So, yeah, local communities have real concerns about threats that demonstrably exist in the oil and gas patch.  And faced with acknowledging the legitimacy of allowing Coloradans and communities directly and daily impacted by this industrial and dangerous activity the ability to make decisions, informed by what are shown to be real threats,  then perhaps lying does seem the better choice.  

“How Best to Fool Coloradans,” it would not shock to find this the title of a memo in certain PR shops and boardrooms: 

Last year, [drilling company created pro-fracking group] CRED spent big money on local television ads, according to FCC filings. This year, the group is paying for an advertising supplement section in The Denver Post called “Energy and Environment” that mimics the appearance of objective news. The section includes articles with headlines such as “Statewide fracking ban could hobble local economies” and “If you watch baseball, you support oil and natural gas.”

And yet all this well-financed blitz of Texas-sized bullshit cannot stave off the industry's basic fear, that people may very well demand the reins of their democracy back—and that would be bad for business. As the Denver Business Journal described the sentiment of yet another anti-local control group–This one with former U.S. Interior Secretary Ken Salazar, former Denver Mayor Wellington Webb, and (again) the Denver Metro Chamber director, on its Board: 

But they expect to have an uphill climb convincing the public to oppose the efforts, as fracking bans and local-control initiatives have proven popular by passing in five different Colorado cities so far.

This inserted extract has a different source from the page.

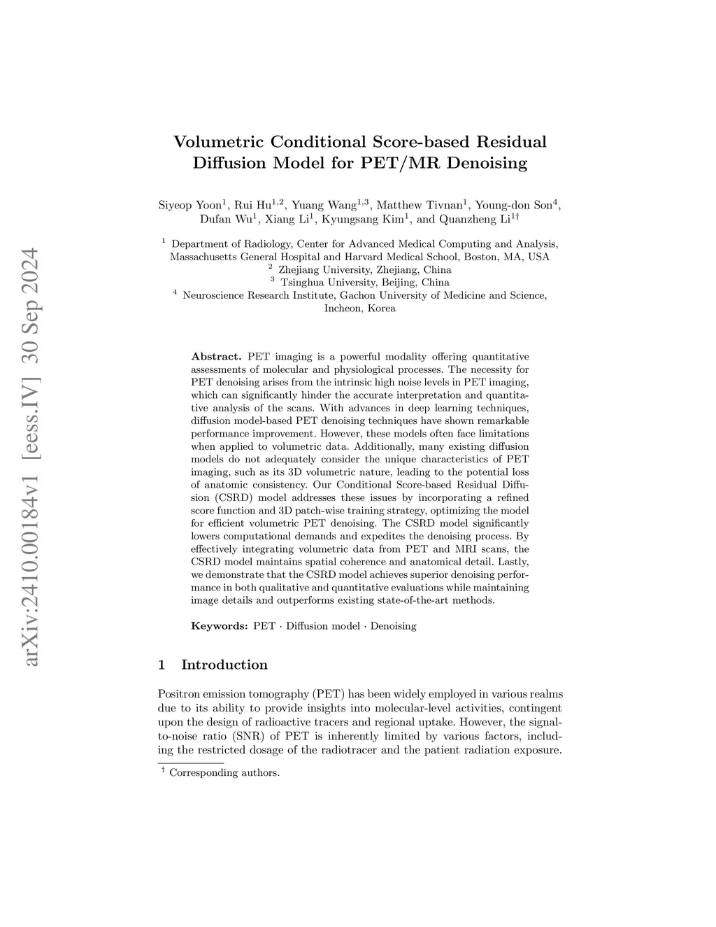 Volumetric Conditional Score-based Residual Diffusion Model for PET/MR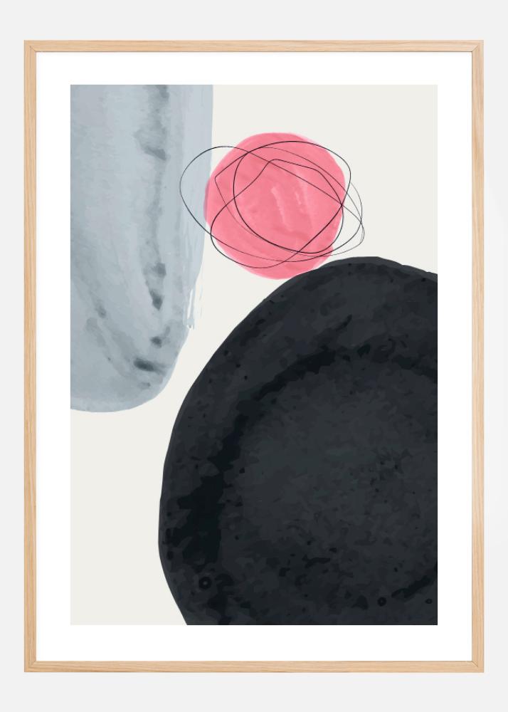 Μια ζωντανή αφηρημένη αφίσα με μεγάλες φόρμες που γεμίζουν ολόκληρη την εικόνα. Ένας μεγάλος μαύρος κύκλος γεμίζει την κάτω δεξιά γωνία. Από πάνω του υπάρχει ένας μικρός ροζ κύκλος με λεπτές μαύρες γραμμές που περιστρέφονται γύρω του για να δημιουργήσουν σπείρες. Μια τελευταία ανοιχτό γαλάζια μορφή κρέμεται από την επάνω αριστερή πλευρά.

An 'uphill climb' in part because we are still not yet done running down threats that come to citizens lucky enough to have tight gas or shale oil beneath their homes, yards and school athletic fields.  Besides the catastrophes and the day-to-day spills and mishaps, the nuisance, the traffic and hassel, and the fracking deep below–increasingly we learn that the very process itself, even when everything goes right; is toxic and pollutingCopious releases of methane, concentrations of VOCs, the increasing signs of real, significant, and devastating health impacts that cluster around this activity.  

Thus to provide a recap, on one side organizations pitching a fictitious 'threat' of a ‘statewide fracking ban,’ and on the other increasing amounts of real evidence of harm.  So OK then, let’s talk threats.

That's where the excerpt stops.